ACT scores generally increase with education. If we want to compare each level in education factor with the other, we can compute those with pairwise comparisons using emmeans
.
sat.emm.aov <- emmeans(res.aov, "education")
## NOTE: Results may be misleading due to involvement in interactions
sat_pairs_aov <- pairs(sat.emm.aov)
print(sat_pairs_aov)
## contrast estimate SE df t.ratio p.value
## none - some_hs 0.142 0.951 688 0.150 1.0000
## none - high_school 0.559 0.954 688 0.590 0.9920
## none - some_college -0.822 0.705 688 -1.170 0.8530
## none - college -1.643 0.757 688 -2.170 0.2520
## none - graduate -2.366 0.761 688 -3.110 0.0240
## some_hs - high_school 0.417 1.011 688 0.410 0.9980
## some_hs - some_college -0.964 0.779 688 -1.240 0.8190
## some_hs - college -1.785 0.826 688 -2.160 0.2580
## some_hs - graduate -2.508 0.830 688 -3.020 0.0310
## high_school - some_college -1.381 0.783 688 -1.760 0.4900
## high_school - college -2.202 0.830 688 -2.650 0.0860
## high_school - graduate -2.926 0.834 688 -3.510 0.0060
## some_college - college -0.821 0.524 688 -1.570 0.6210
## some_college - graduate -1.545 0.530 688 -2.910 0.0430
## college - graduate -0.724 0.598 688 -1.210 0.8320
##
## Results are averaged over the levels of: gender
## P value adjustment: tukey method for comparing a family of 6 estimates
Repeated measures ANOVA is commonly used in data analysis. For example, participants take more than one tasks or conditions. In longitudinal study, data is collected from each participant more than once. Assume there are different time points in this dataset. After introduce the time point variable into the data, let’s check whether ACT scores vary by time point and education.

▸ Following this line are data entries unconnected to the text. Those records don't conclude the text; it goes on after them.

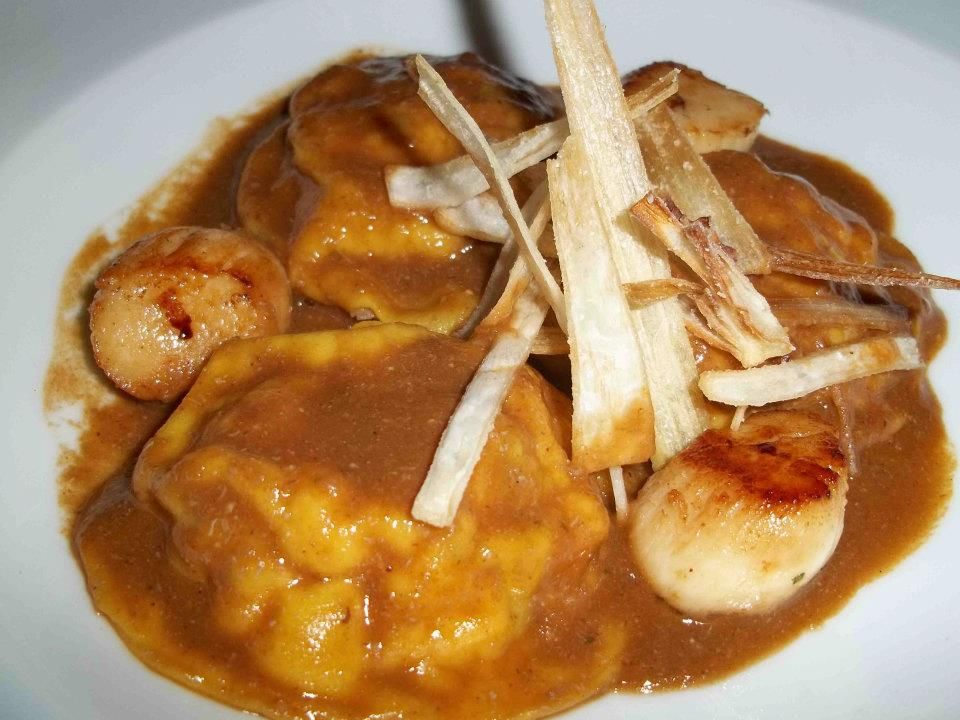 I ravioli di gamberi, astice e scampi di Anzio sono serviti in una salsa densa di mare, profumata al coriandolo e zenzero, che ricorda quasi il fondo di una bouillabaisse. Piatto corposo, pieno, solo un po’ più sapido di quanto avrei preferito.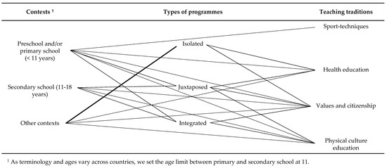 An overview of the connections between contexts (preschool and/or primary school, secondary school, and other contexts), types of programmes, and teaching traditions is presented in Figure 1.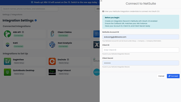 Initialize Connection Between Albi and NetSuite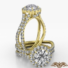 Halo Split Shank French U Pave Round diamond Ring in 18k Gold Yellow
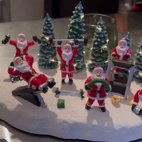 Mye pynte gjenstander som er fra Rusta, taco brett, vifte, trenings strikk og en lampe.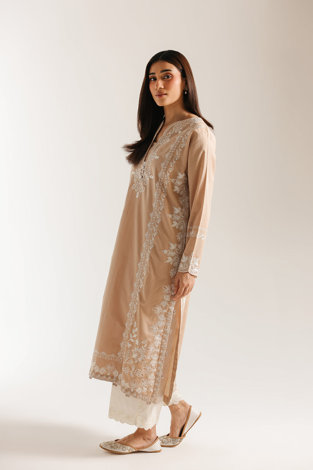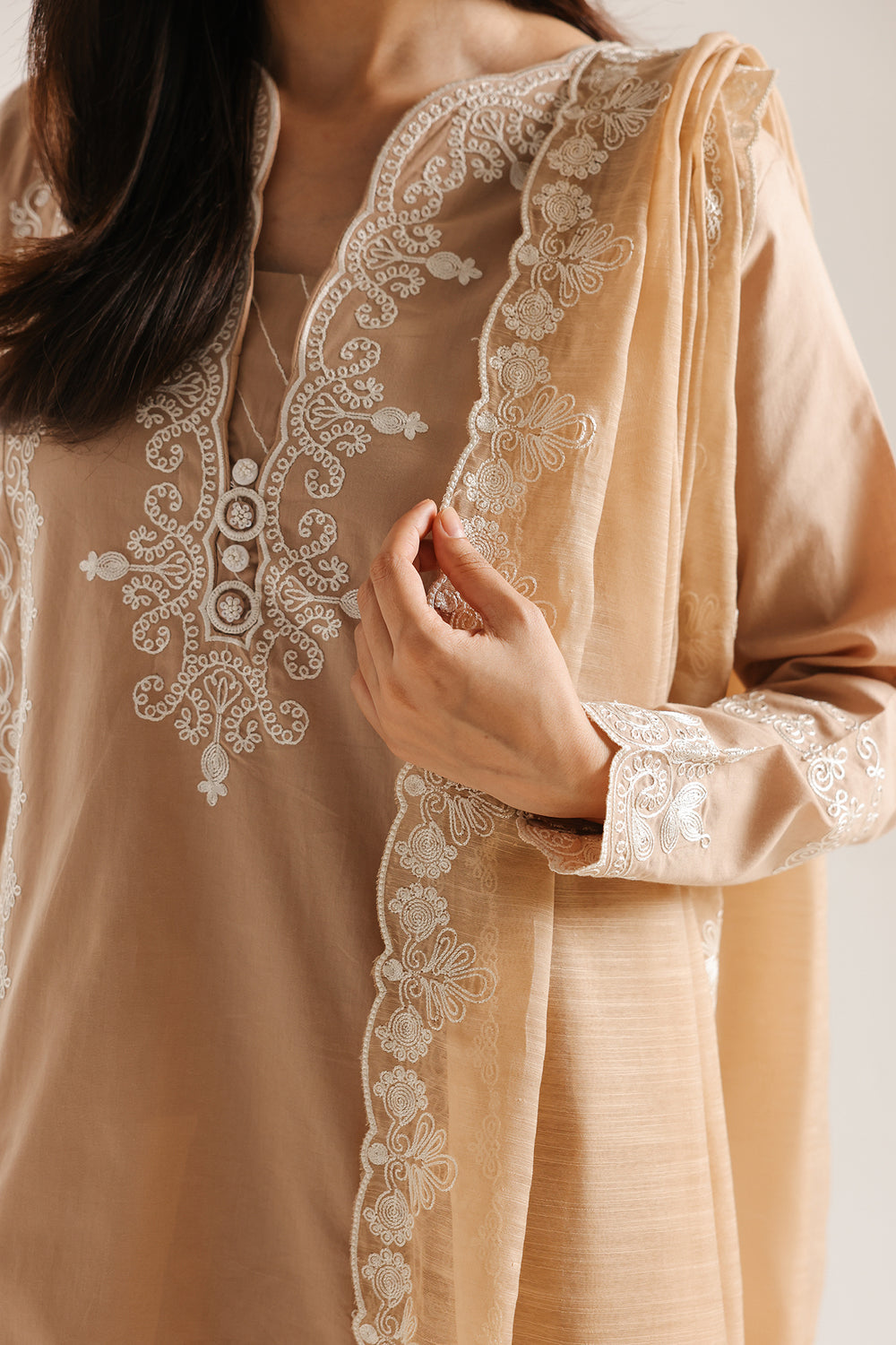 Radiate understated luxury in this elegant beige embroidered suit. The long-line shirt is beautifully detailed with delicate white threadwork tracing the neckline and vertical borders, creating a tall, graceful silhouette. Complete with a sheer, scalloped dupatta and crisp white wide-leg trouser, this ensemble is the epitome of refined, airy sophistication.

set.seed(1999) # Needed for getting same results
sat.act <- sat.act %>%
mutate(education = factor(rep(sample(1:5, 140, replace = TRUE), each=5)),
id = rep(1:140, each = 5),
time = rep(1:5, 140)
)
res.aov2 <- aov_ez(
id = "id",
dv = "ACT",
data = sat.act,
between = c("education"),
within = c("time")
)
## Contrasts set to contr.sum for the following variables: education
summary(res.aov2)
##
## Univariate Type III Repeated-Measures ANOVA Assuming Sphericity
##
## Sum Sq num Df Error SS den Df F value Pr(>F)
## (Intercept) 531504 1 3619 135 19829.43 <2e-16 ***
## education 154 4 3619 135 1.44 0.225
## time 194 4 11905 540 2.20 0.067 .
## education:time 387 16 11905 540 1.10 0.355
## ---
## Signif. codes: 0 '***' 0.001 '**' 0.01 '*' 0.05 '.' 0.1 ' ' 1
##
##
## Mauchly Tests for Sphericity
##
## Test statistic p-value
## time 0.874 0.0362
## education:time 0.874 0.0362
##
##
## Greenhouse-Geisser and Huynh-Feldt Corrections
## for Departure from Sphericity
##
## GG eps Pr(>F[GG])
## time 0.936 0.072 .
## education:time 0.936 0.356
## ---
## Signif. codes: 0 '***' 0.001 '**' 0.01 '*' 0.05 '.' 0.1 ' ' 1
##
## HF eps Pr(>F[HF])
## time 0.966 0.0698
## education:time 0.966 0.3556
Aside from simply printing a table, we can visualize the mean and sd of each conditions with a line plot. See the supplemental materials for an example.